Reboot via task manager is only way to reset system.

Have rolled back WMP versions & reinstalled it as well as trying other players without any luck and same events.

Shel


----------



## sup2a (Oct 9, 2007)

can VLC play them? you may want to check for codecs using various programs, eg. VideoInspector or Gspot


----------



## hairybusdriver (Mar 13, 2008)

what program are using to play them,
Try using Media Player Classic, it has a very wide compatibility range and is easy on your resources, unlike windows media player.
you can get it here
http://www.free-codecs.com/download_soft.php?d=4251&s=134
I


----------



## sup2a (Oct 9, 2007)

i would say VLC would have a much better capability of playing files, it can even play some broken files... heres a link i forgot to add last time http://www.videolan.org/vlc/


----------



## Aussie Shel (Dec 26, 2007)

Thanks everyone for your input.

VLC did install and my mainly wmv files woulden't play, bit of distored audio but no picture and same CPU slow down-freeze - had to quit via task manager again.

Ran Video Inspector that indicated my wmv files I checked were using an unknown codex and the testing section refused to load (Stalled) with again CPU slow down.

Gspot app didn't really offer much (*or I can't understand it?).

I'm starting to think the problem maybe is in XP, although I don't really want to reformat if I can help it.

Any other ideas???

Thanks

Shel


----------



## Elvandil (Aug 1, 2003)

Have you installed any codec packs?
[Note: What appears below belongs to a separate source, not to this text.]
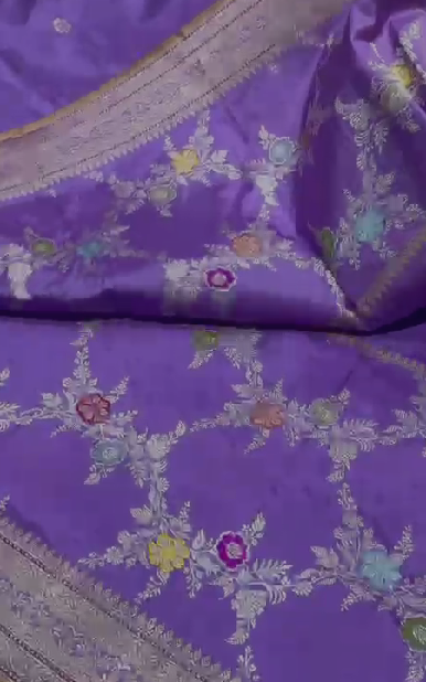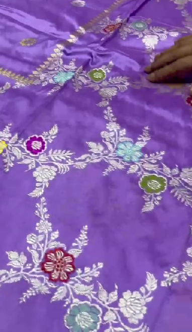Lilac Kadhuwa Jungla Jaal on Pure Banarasi Katan silk saree with Zari Buttas and Zari Border   | SILK MARK CERTIFIED

If you have, try uninstalling (though many don't uninstall very well). And you might also try removing some of your players. Many install their own (junk) codecs that take precedence over the previous ones. GOM installs quite a few.

Try analyzing your present codecs and disabling any that are new or unneeded.

CodecInstaller
GSpot (A pretty good program that is not very intuitive. You need to look around and right-click to find all it has to offer.)
DP MediaInfo
VideoInspector
Sherlock

You could also try installing default MS codecs.

How To Install The Default Codecs In Windows XP


----------